* YOUR OBJECTIVE *
From the entries below, return exactly the lines beginning at the one that contains "Sulla parete sinistra, ai" and ending at the one that contains "وتلك منقبة قد", both of them included, and only those lines.
***** DATASET ENTRIES
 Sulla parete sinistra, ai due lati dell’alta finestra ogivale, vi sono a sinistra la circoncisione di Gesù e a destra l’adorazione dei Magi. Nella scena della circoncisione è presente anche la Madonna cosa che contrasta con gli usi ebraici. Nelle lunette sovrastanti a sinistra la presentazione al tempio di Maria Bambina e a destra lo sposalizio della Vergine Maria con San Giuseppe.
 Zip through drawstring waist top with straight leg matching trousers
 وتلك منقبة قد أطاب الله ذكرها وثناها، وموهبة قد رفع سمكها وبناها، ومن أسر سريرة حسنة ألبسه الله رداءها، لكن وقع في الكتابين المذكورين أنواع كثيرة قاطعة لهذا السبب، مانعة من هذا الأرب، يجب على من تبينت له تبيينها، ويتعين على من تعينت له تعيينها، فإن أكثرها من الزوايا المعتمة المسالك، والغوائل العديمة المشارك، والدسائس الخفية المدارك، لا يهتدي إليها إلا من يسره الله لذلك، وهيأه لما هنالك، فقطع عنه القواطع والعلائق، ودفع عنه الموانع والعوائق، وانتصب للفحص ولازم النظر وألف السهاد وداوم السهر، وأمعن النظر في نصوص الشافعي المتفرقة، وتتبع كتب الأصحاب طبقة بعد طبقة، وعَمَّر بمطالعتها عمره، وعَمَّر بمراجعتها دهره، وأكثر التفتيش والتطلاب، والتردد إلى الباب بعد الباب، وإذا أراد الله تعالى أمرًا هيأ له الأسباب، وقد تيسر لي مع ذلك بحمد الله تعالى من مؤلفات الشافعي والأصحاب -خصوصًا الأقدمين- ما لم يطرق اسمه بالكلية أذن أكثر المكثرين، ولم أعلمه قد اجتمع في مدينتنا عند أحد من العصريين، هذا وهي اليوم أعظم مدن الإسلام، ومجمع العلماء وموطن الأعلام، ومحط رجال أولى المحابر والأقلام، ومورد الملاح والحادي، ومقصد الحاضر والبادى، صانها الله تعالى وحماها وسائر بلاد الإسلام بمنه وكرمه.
**********
***** DATASET ENTRIES
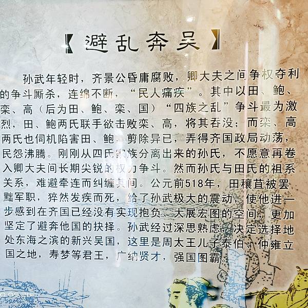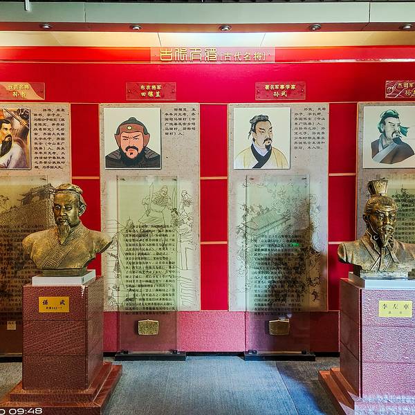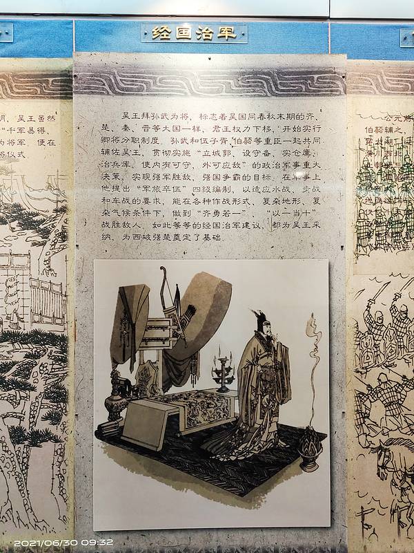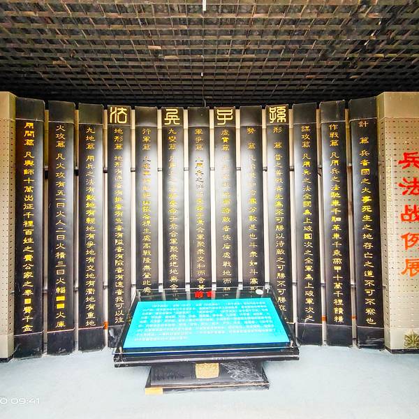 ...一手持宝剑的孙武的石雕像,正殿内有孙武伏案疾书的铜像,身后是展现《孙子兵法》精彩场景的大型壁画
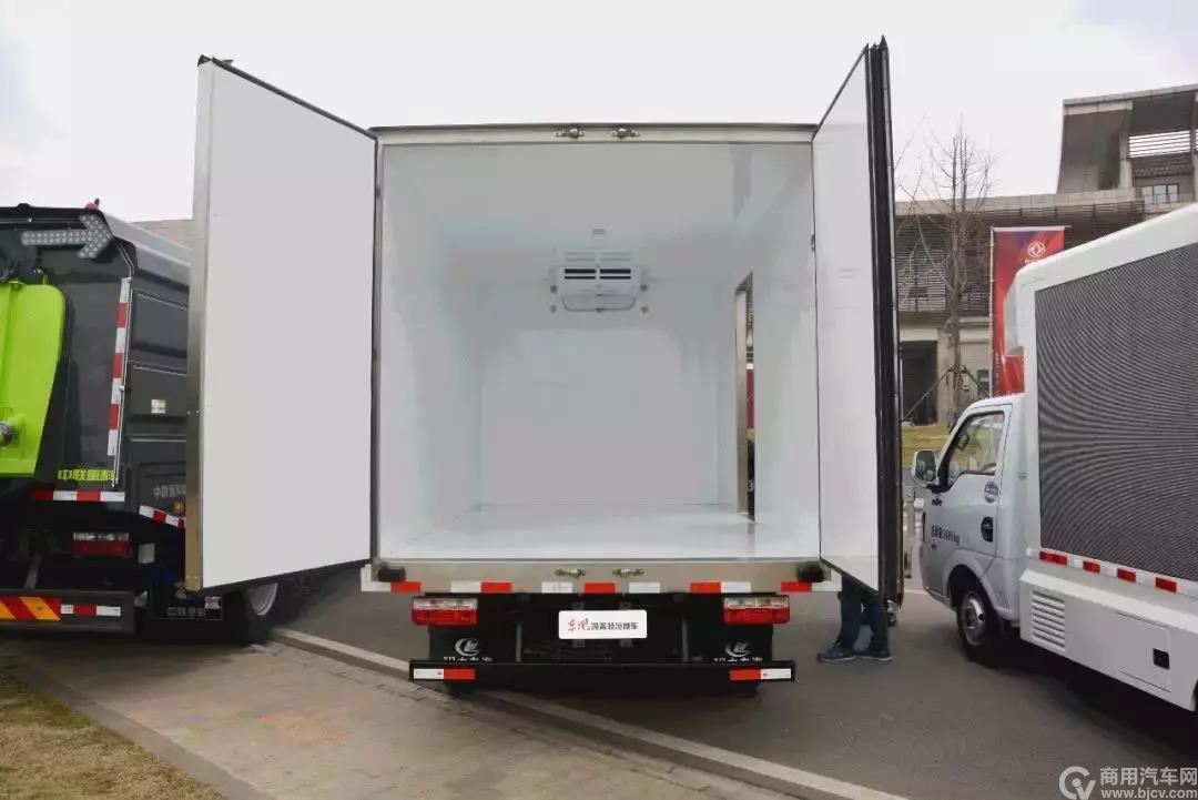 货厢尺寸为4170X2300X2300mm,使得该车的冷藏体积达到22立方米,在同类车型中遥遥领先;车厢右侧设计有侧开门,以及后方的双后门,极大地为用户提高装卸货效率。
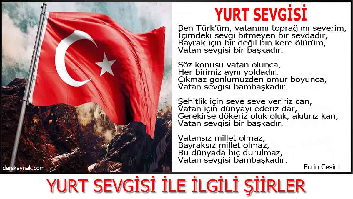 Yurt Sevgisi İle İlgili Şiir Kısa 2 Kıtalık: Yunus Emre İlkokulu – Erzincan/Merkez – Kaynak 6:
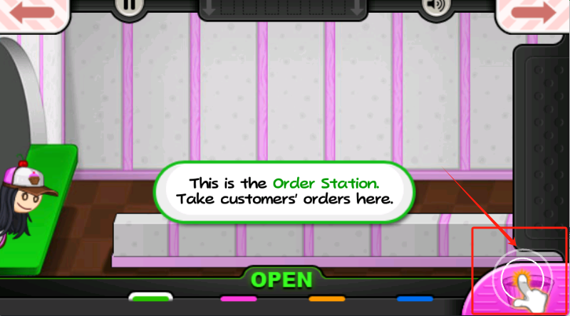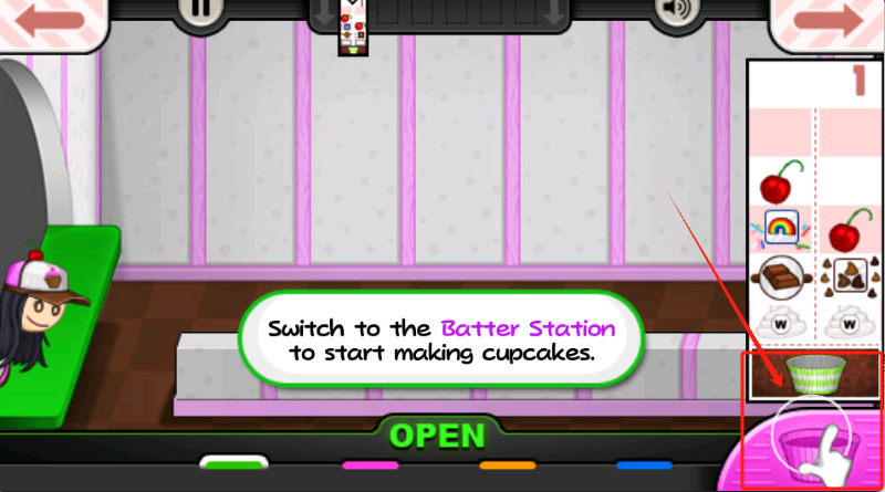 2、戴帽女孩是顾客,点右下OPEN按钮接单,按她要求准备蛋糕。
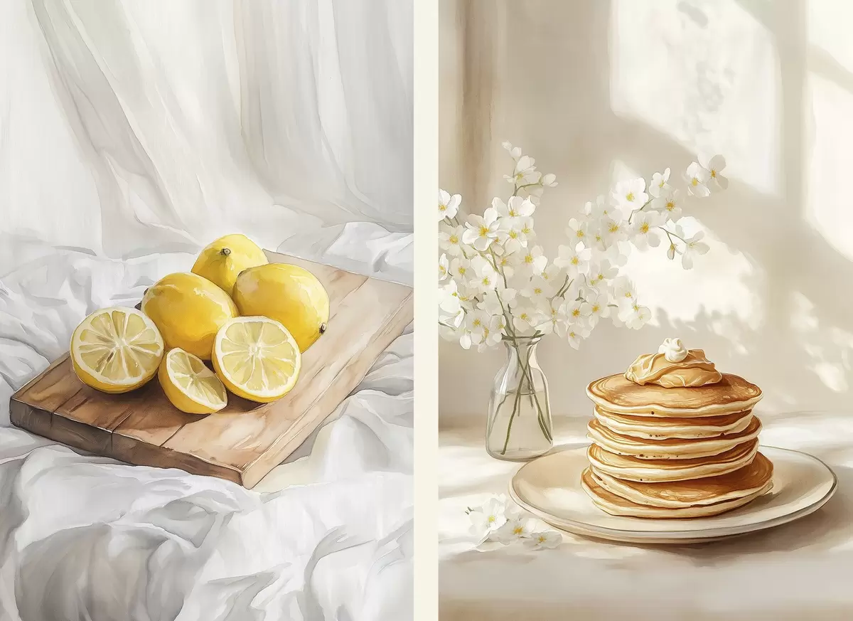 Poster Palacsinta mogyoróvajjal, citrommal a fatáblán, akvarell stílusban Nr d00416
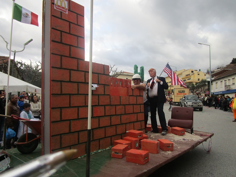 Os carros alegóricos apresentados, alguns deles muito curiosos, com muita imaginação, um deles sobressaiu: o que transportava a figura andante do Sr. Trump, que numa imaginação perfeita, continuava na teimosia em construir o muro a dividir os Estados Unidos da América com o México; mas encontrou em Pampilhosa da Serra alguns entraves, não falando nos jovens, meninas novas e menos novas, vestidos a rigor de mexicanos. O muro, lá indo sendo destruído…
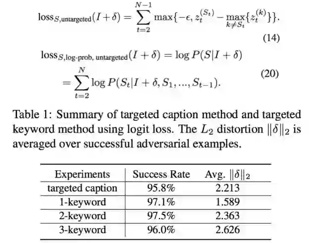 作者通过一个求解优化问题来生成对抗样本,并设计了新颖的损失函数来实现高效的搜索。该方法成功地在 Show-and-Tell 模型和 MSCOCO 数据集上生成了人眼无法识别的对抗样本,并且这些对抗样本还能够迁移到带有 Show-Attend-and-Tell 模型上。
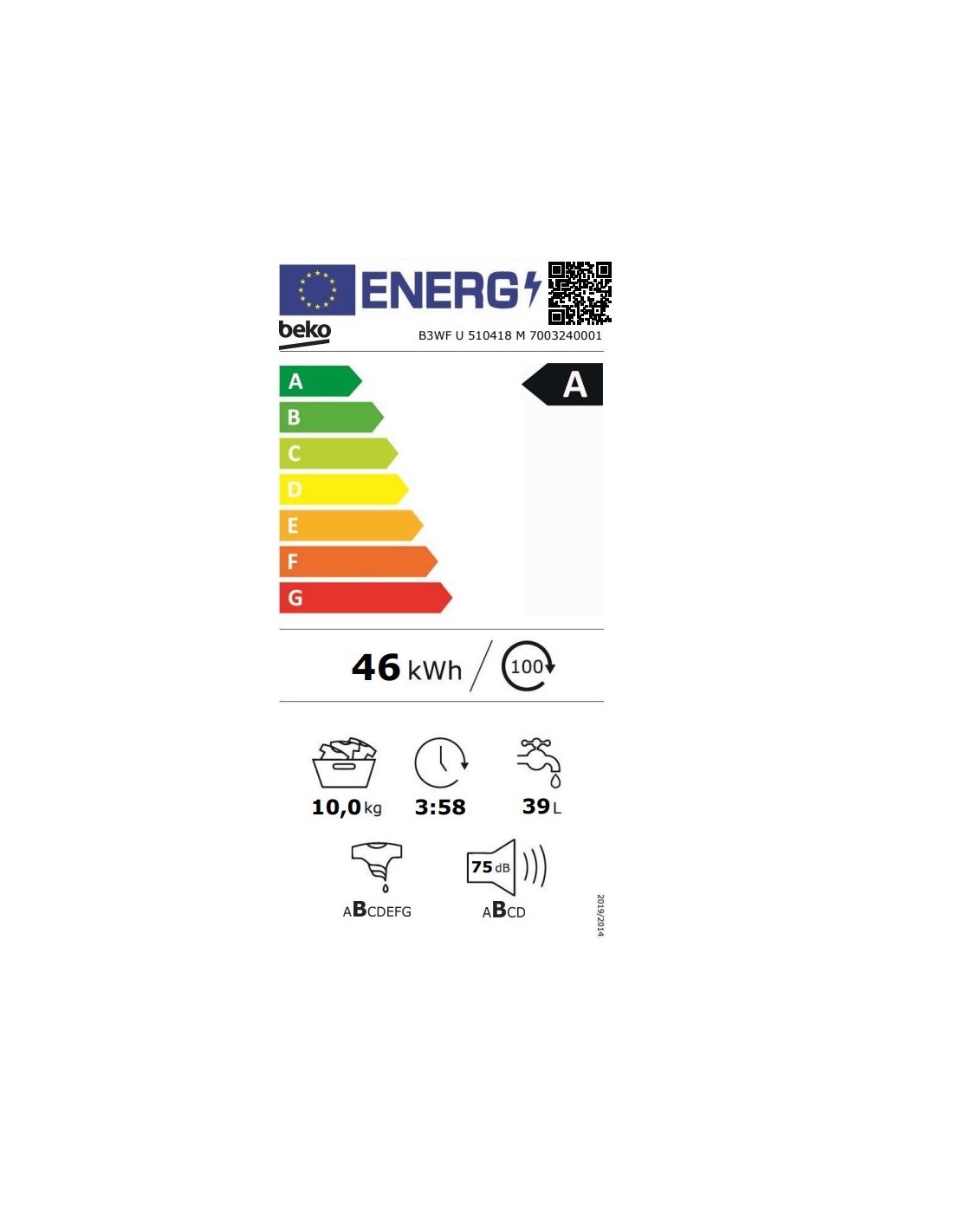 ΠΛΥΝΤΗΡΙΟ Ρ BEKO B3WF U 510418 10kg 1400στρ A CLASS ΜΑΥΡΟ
**********
* TASK OUTPUT *
 Sulla parete sinistra, ai due lati dell’alta finestra ogivale, vi sono a sinistra la circoncisione di Gesù e a destra l’adorazione dei Magi. Nella scena della circoncisione è presente anche la Madonna cosa che contrasta con gli usi ebraici. Nelle lunette sovrastanti a sinistra la presentazione al tempio di Maria Bambina e a destra lo sposalizio della Vergine Maria con San Giuseppe.
 Zip through drawstring waist top with straight leg matching trousers
 وتلك منقبة قد أطاب الله ذكرها وثناها، وموهبة قد رفع سمكها وبناها، ومن أسر سريرة حسنة ألبسه الله رداءها، لكن وقع في الكتابين المذكورين أنواع كثيرة قاطعة لهذا السبب، مانعة من هذا الأرب، يجب على من تبينت له تبيينها، ويتعين على من تعينت له تعيينها، فإن أكثرها من الزوايا المعتمة المسالك، والغوائل العديمة المشارك، والدسائس الخفية المدارك، لا يهتدي إليها إلا من يسره الله لذلك، وهيأه لما هنالك، فقطع عنه القواطع والعلائق، ودفع عنه الموانع والعوائق، وانتصب للفحص ولازم النظر وألف السهاد وداوم السهر، وأمعن النظر في نصوص الشافعي المتفرقة، وتتبع كتب الأصحاب طبقة بعد طبقة، وعَمَّر بمطالعتها عمره، وعَمَّر بمراجعتها دهره، وأكثر التفتيش والتطلاب، والتردد إلى الباب بعد الباب، وإذا أراد الله تعالى أمرًا هيأ له الأسباب، وقد تيسر لي مع ذلك بحمد الله تعالى من مؤلفات الشافعي والأصحاب -خصوصًا الأقدمين- ما لم يطرق اسمه بالكلية أذن أكثر المكثرين، ولم أعلمه قد اجتمع في مدينتنا عند أحد من العصريين، هذا وهي اليوم أعظم مدن الإسلام، ومجمع العلماء وموطن الأعلام، ومحط رجال أولى المحابر والأقلام، ومورد الملاح والحادي، ومقصد الحاضر والبادى، صانها الله تعالى وحماها وسائر بلاد الإسلام بمنه وكرمه.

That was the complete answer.